Tassa su extraprofitti, alla fine le banche l’hanno scampata

Come era stato previsto, la tassa sugli extraprofitti delle banche si sta rivelando un flop. Non solo perché è stata indebolita dopo le resistenze di Forza Italia, ma anche perché il sistema bancario sta riuscendo a evitarla. Con tanti saluti ai tre miliardi di gettito promessi e sbandierati dalla premier Giorgia Meloni.

Il prelievo era stato approvato lo scorso agosto, ma a settembre il governo ha offerto una scappatoia, dando la possibilità alle banche di scegliere tra pagare la tassa e porre gli utili a riserva, senza poterli distribuire tra gli azioni. Ed esattamente così è andata. In questo modo, Intesa, Unicredit, Banco Bpm, Mps, Bper, Popolare di Sondrio, Credem e Mediobanca, le grandi banche del nostro Paese, hanno risparmiato circa 1,8 miliardi di euro di imposte, aumentando contestualmente il proprio patrimonio di 4,5 miliardi di euro. E così hanno fatto anche alcune banche a controllo pubblico, come Monte dei Paschi di Siena e Mediocredito Centrale.

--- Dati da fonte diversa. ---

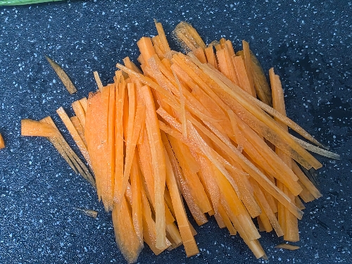 2. 당근은 채 썰어주고 청홍고추는 어슷 썰어주고 계란은 3~4개 정도 소금 약간 넣고 풀어주세요.
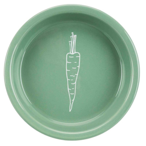 Mázzal bevont, így könnyen tisztítható és higiénikus. Lapos kialakítása miatt fiatal nyulaknak és tengerimalacoknak is ajánljuk. Több féle színben is kapható, belsejében répa motívummal.

Non solo. Come ricostruito da ‘Il Fatto Quotidiano’, il caso Mps sfiora il colmo. Salvata nel 2017 con un investimento da parte dello Stato da 5,4 miliardi di euro, Monte dei Paschi di Siena ha come azionista, per il 64%, il Ministero dell’Economia, che ha versato 2,1 miliardi di aumento di capitale. Mps ha chiuso con quasi 1 miliardo di utili e prevede profitti per 1,1 miliardi entro fine anno, proprio grazie al margine di interesse. Ciononostante, due giorni fa il Consiglio di Amministrazione di Mps ha reso noto di aver deciso di destinare a riserva 312,7 milioni a livello di gruppo. “Il fatto che, mettiamola così, anche Giorgetti attraverso il Mps controllato dal Mef eluda la tassa della Meloni, è la fine grottesca di uno dei tanti esempi del populismo degli annunci che caratterizza questa maggioranza”, è stato il commento del deputato di +Europa Benedetto Della Vedova.